I sense the other four members of my team standing behind me, giving me quiet support, and Dunton glares at me before stomping toward one of the hangar’s side doors. “I’m off to the weather office,” he shouts back. “You better be ready when I come back!”
I try to be helpful. “Don’t get lost.”
The door slams and my teammates chuckle for a moment and wander away, their current mission achieved. It’s still raining. I slowly draw the hammer down on my pistol and return it to my side holster, taking in the miserable weather. We’ll wait for the final weather report, and that will tell us if we can go out on this rainy night to kill somebody in another country we’ve never been to before.
My teammates—Borozan, Sher, Garcia, and Clayton—now keep to their own routines, talking or smoking or reading from battered paperbacks. I just wait, looking out at the rain coming down and hitting the windswept runway, not wanting to think, just waiting for that one last weather report so I can complete my final mission.
We’re all dressed nearly alike, with custom helmets, camouflaged BDUs, heavy boots, knee pads and elbow pads, body armor, MOLLE vests with flashlights, knives, survival packs, compass, encrypted handheld devices, and holstered pistols. Our assault packs and parachutes are carefully stored in the corner of the empty hangar. We each carry a modified Heckler & Koch HK416 rifle with a 10-inch barrel slung over our shoulders.
Occasionally air force personnel wander in and just as quickly wander out, knowing they shouldn’t be here, not wanting to be in the same area with who we are: stone-cold killers ready to do a job.
I pace some more, feeling the wind hitting my face from the Southern Carnic Alps. On my BDU, my name tag, TAYLOR, is easily removable with one swift tear of Velcro, which I’ll do once we illegally cross into Serbia. And that’s it for any kind of identification in case I get wounded, killed, or captured.
Oh, and who are we, my four teammates and I? I’m sure you’ve heard of Rangers, SEAL Team 6, Special Forces, Marine Recon, Delta Force, and other elite secret units. Well, we’re not any of them. For what use is an elite secret unit if its name is known to the outside world?
One of my crew comes up to me.
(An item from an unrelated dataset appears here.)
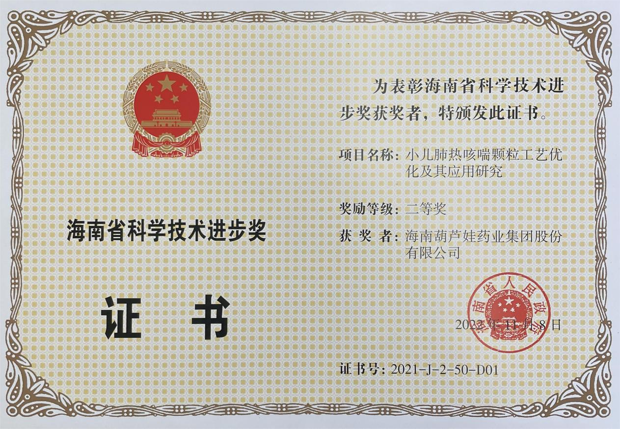 为此,小儿肺热咳喘颗粒的制备方法获得了第二十一届中国专利优秀奖(2019年),专利申请号:ZL201010134951,此次作为专利技术的应用,获得了2021年度海南省科学技术进步奖二等奖。在此之前,yd12399云顶集团牌小儿肺热咳喘颗粒还多次被授予“临床价值中成药品牌”、“中国连锁药店最具合作价值单品”,荣登“中国医药品牌榜”。
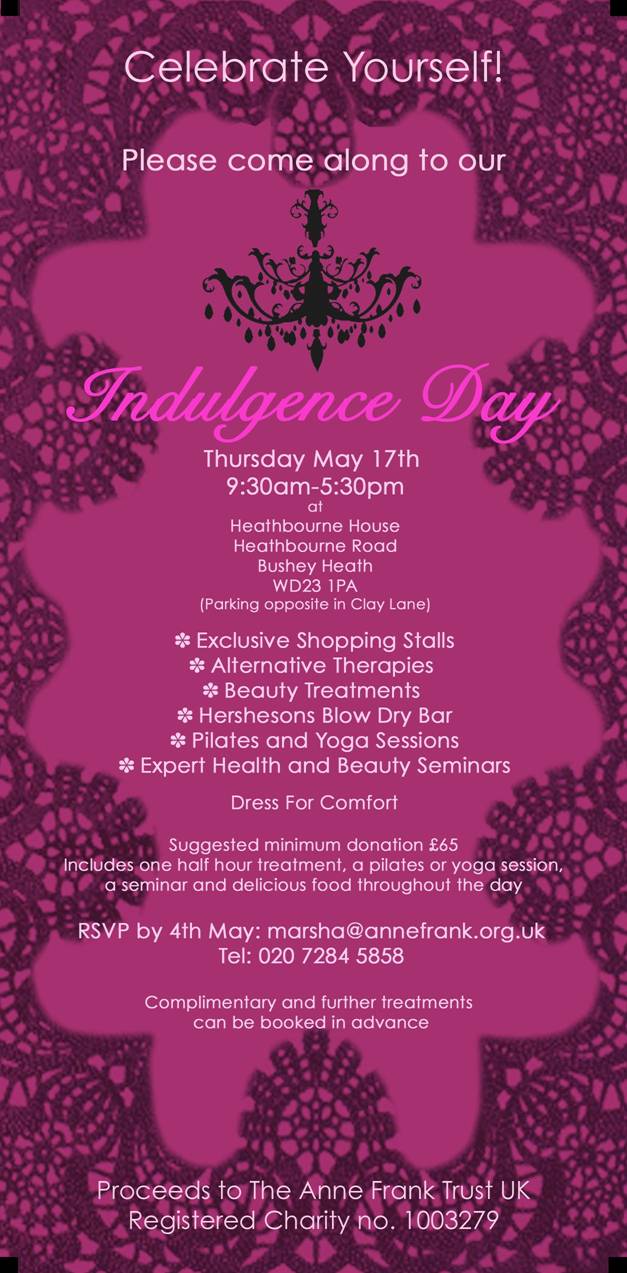 The Anne Frank Trust are a wonderful UK charity that take workshops into schools to teach positive attitudes, respect for others and encourage young people to challenge prejudice and hatred. Last year they organised the most wonderful fundraising Ladies Day Out , and for the second one on May 17th I am taking part with a whole load of other first rate therapists . Whether you can make the whole day or just 2 or 3 hours, do come along as its going to be spectacular !!!

It’s Clayton, who looks like the cliché surfer dude from California, which is pretty much the truth.
“What do you think, Gramps?”
I wince at my nickname, knowing if I were to complain about it, my guys would use it more. My fault. Last time around with these special operators, I let slip that I was on active duty during the first Persian Gulf War, back in 1991.
“Gonna be tight,” I say. “Dunton has his pressure, his boss Hunley has pressure, his boss’s boss has pressure, and it all comes down to us. You know the drill—shit rolls downhill.”
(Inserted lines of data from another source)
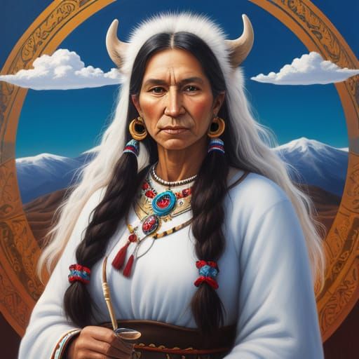 This image shows White Buffalo Calf Woman presenting the sacred pipe. A stunning depiction of this important spiritual figure, rendered as a paint masterpiece.
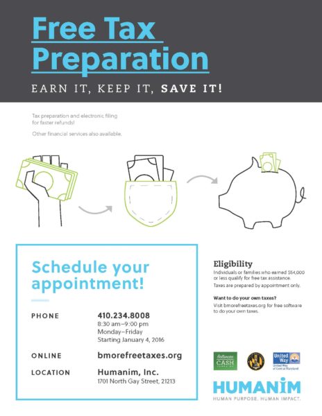 In partnership with Baltimore Cash Campaign, we are once again hosting free tax preparation services right here at Humanim, every Friday, Saturday, and Sunday through tax season!
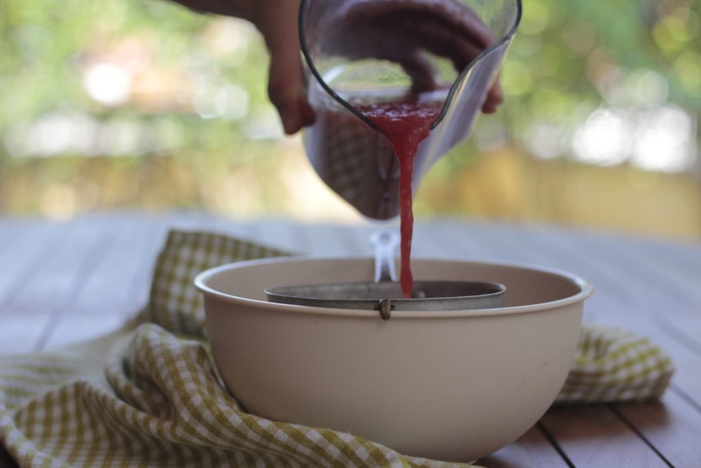 Gebruik een vergiet om overtollig water uit de met de grofzeef gepureerde tomaten te verwijderen
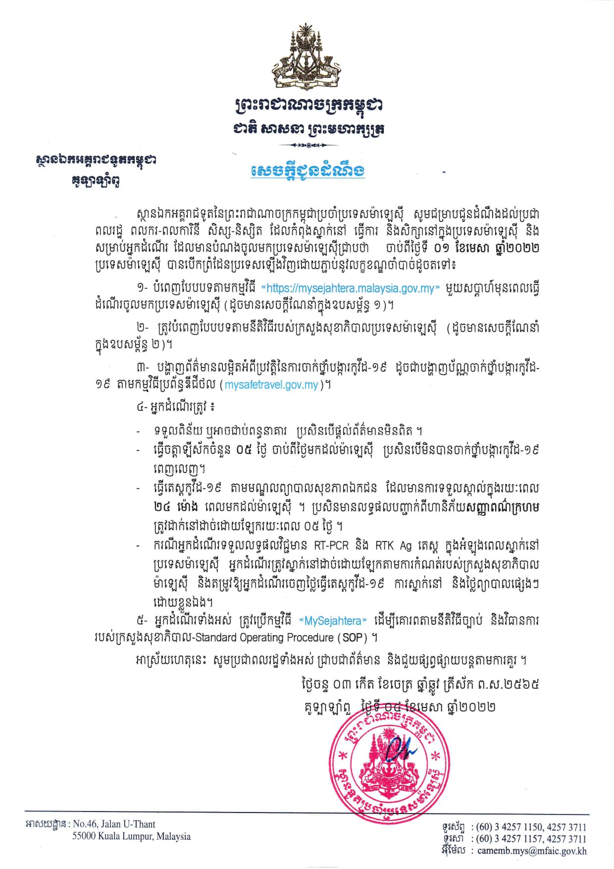 រាជធានីភ្នំពេញ៖ យោងតាមការចុះផ្សាយរបស់ ស្ថានឯកអគ្គរាជទូតកម្ពុជា នៅថ្ងៃទី០៥ ខែមេសាឆ្នាំ២០២២ បានចេញសេចក្ដីជូនដំណឹង សូមជម្រាបដល់ប្រជាពលរដ្ឋ ពលរដ្ឋ ពលករ-ពលការិនី សិស្ស-និស្សិត ដែលកំពុងស្នាក់នៅ ធ្វើការ និងសិក្សានៅក្នុងប្រទេសម៉ាឡេស៊ី និងសម្រាប់អ្នកដំណើរ ដែលមានបំណងចូលមកប្រទេសម៉ាឡេស៊ីឲ្យបានជ្រាបថា ចាប់ពីថ្ងៃទី០១ ខែមេសា ឆ្នាំ២០២២ ប្រទេសម៉ាឡេស៊ី បានបើកព្រំដែនប្រទេសឡើងវិញដោយភ្ជាប់នូវលក្ខខណ្ឌចាំបាច់ដូចតទៅ៖
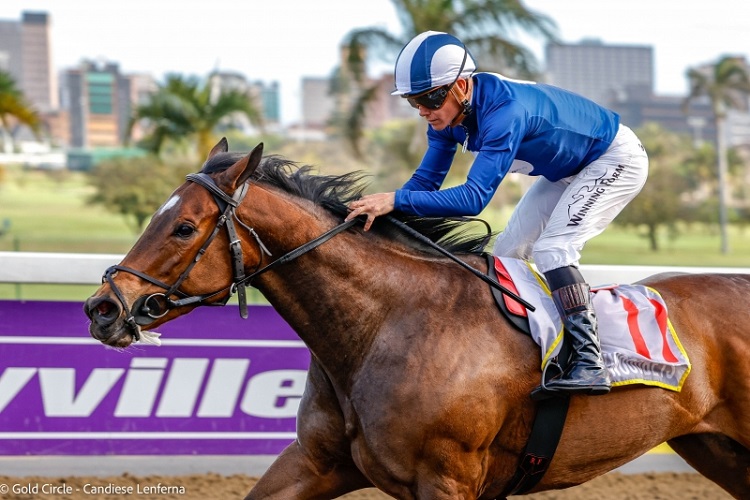 Clifton Stud-bred Vercingetorix filly Alesia’s Love gives Gavin Lerena and Roy Magner a double together and secures a four-timer on the day for Lerena (JC Photos)

“Always nice to know we’re here to catch it.”
The door slams open and Dunton strides back in with a sheet of paper in one hand. Clayton says, “What do you think? I know he talks the talk, but is he really CIA? Or Defense Intelligence Agency? National Reconnaissance Office?”
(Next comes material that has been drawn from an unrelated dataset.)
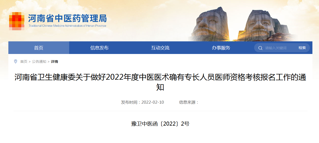 河南省衛(wèi)生健康委關(guān)于做好2022年度中醫(yī)醫(yī)術(shù)確有專長人員醫(yī)師資格考核報名工作的通知

“Probably NSA, son,” I say to Clayton. “No Such Agency.”
Dunton steps forward, thrusts the sheet into my hand. I glance at the map, seeing the weather report, the prediction for the next six hours. Iffy. It’s up to me, the team leader. My last op, and I’d like to make it a successful one. But the bad weather could force us down over the Adriatic Sea or into the Carpathian Mountains. I could kill myself and these guys with one second’s worth of decision.
Some last op. Even if I were to pull the plug, I’d be done, and these guys would be up to bat again at some later date. In other words, I’d finally be safe, and they wouldn’t.
Dunton says, “Well? Well?”
>
I crumple up the sheet of paper, toss it at his chest. “We go.”
Dunton smirks while I head over to our gear, and Clayton is behind me. He says quietly, “A question, Gramps?”
“Go ahead.”
“I saw you draw on Dunton before he left to get the last weather report. Were you really going to shoot him?”
I pick up my assault pack and parachute. “We’ll never know, will we?”
Clayton grins, which is a nice memory for me, because in three hours and eleven minutes, he’ll be dead.